Mise en garde de la Commission européenne : Quittez Facebook si vous tenez à votre vie privée

Vie privée

Dans le cadre d’un procès devant la Cour de justice de l’Union européenne, la Commission européenne a admis que le cadre législatif du Safe Harbor était inefficace.

C’est en effet ce qu’a expliqué Bernhard Schima, avocat de la Commission européenne, lors d’un procès mettant en cause la sécurité des données des citoyens européens lorsque celles-ci sont exportées vers les États-Unis.

«Vous devriez songer à fermer votre compte Facebook, si vous en avez un», a déclaré l’avocat Bernhard Schima au procureur général de la CJUE.

Avant de se retrouver devant la CJUE, l’affaire a pris la forme d’un recours collectif intenté par le juriste autrichien Maximilian Schrems – avec l’appui des autorités compétentes en matière de protection de données d’Allemagne, d’Irlande et du Luxembourg – contre Apple, Facebook, Microsoft, Skype et Yahoo. Devant l’importante remise en question de l’efficacité du Safe Harbor soulevée par la poursuite, le tribunal irlandais a renvoyé l’affaire au plus haut tribunal de l’Union européenne.

En expliquant le point de vue de la commission, Me Schima a déclaré au procureur général de la CJUE : «Vous devriez songer à fermer votre compte Facebook, si vous en avez un.»

Le panel de juges doit discuter de l’implication des activités de surveillance de masse menées par les États-Unis – telles que révélées par Edward Snowden – sur l’accord visant à protéger les renseignements personnels des citoyens européens lors de l’exportation de données commerciales d’entreprises comme Facebook vers les États-Unis, le Safe Harbor.

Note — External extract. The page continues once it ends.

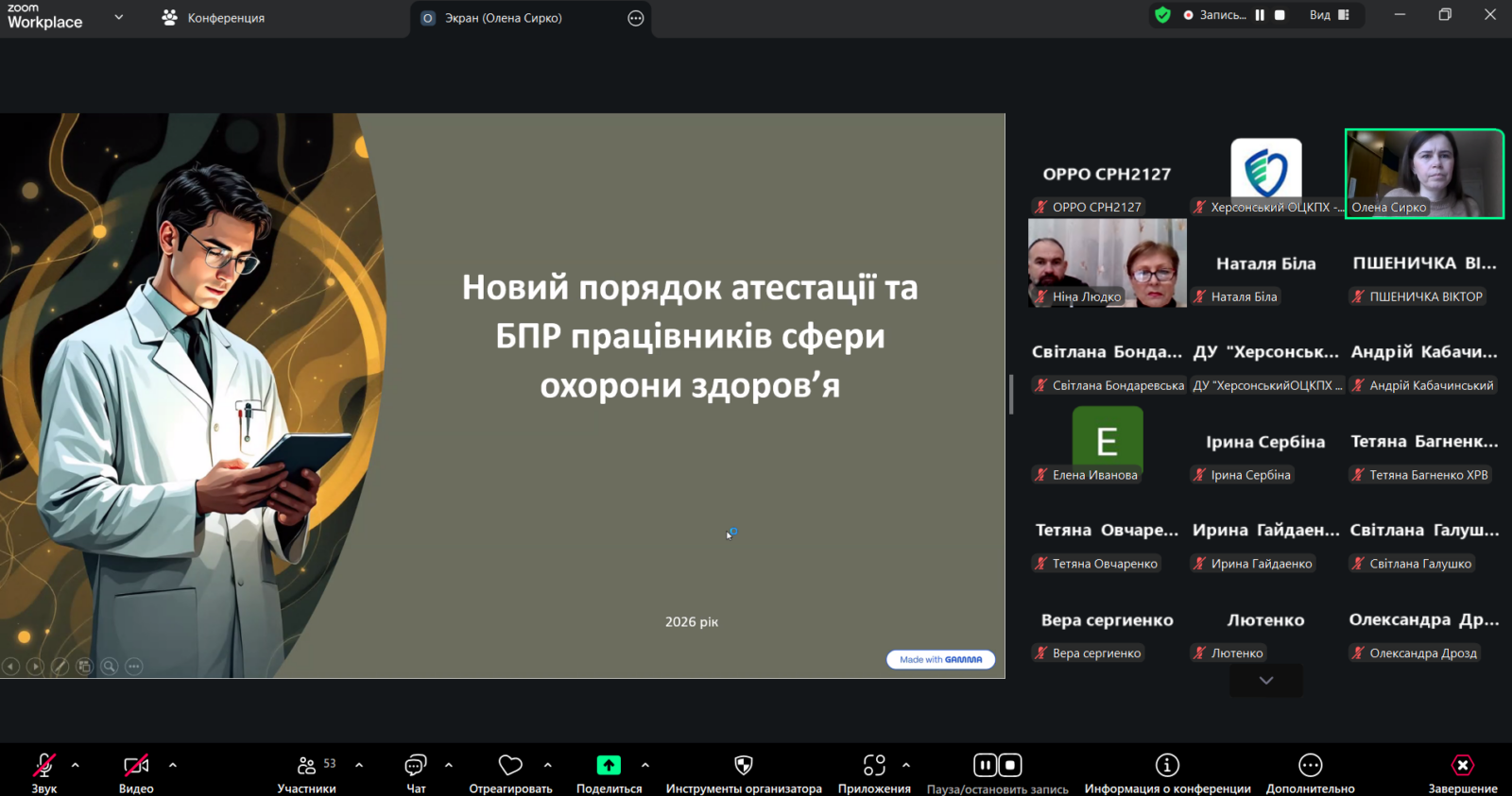 13 лютого 2026📚 Фахівцями ДУ “Херсонський ОЦКПХ МОЗ” проведено вебінар на тему «Новий порядок атестації та БПР працівників охорони здоров’я. Особисте освітнє портфоліо», присвячений актуальним змінам у системі атестації та безперервного професійного розвитку медичних працівників.

Interrogée directement à ce sujet, la Commission européenne a été dans l’incapacité d’affirmer que le cadre législatif du Safe Harbor était en mesure, dans sa forme actuelle, de fournir une protection adéquate des renseignements personnels des citoyens de l’Union européenne.

Schrems allègue que les entreprises opérant à l’intérieur de l’Union européenne ne devraient pas être autorisées à transmettre des données vers les États-Unis en vertu du Safe Harbor, puisque l’accord stipule que les règles encadrant la protection des données aux États-Unis doivent être adéquates pour que le transfert d’information puisse avoir lieu, et que l’affaire Snowden a clairement démontré que ce n’était tout simplement plus le cas.

Le jugement de la Cour de justice de l’Union européenne sur l’efficacité du Safe Harbor sera rendu le 24 juin prochain.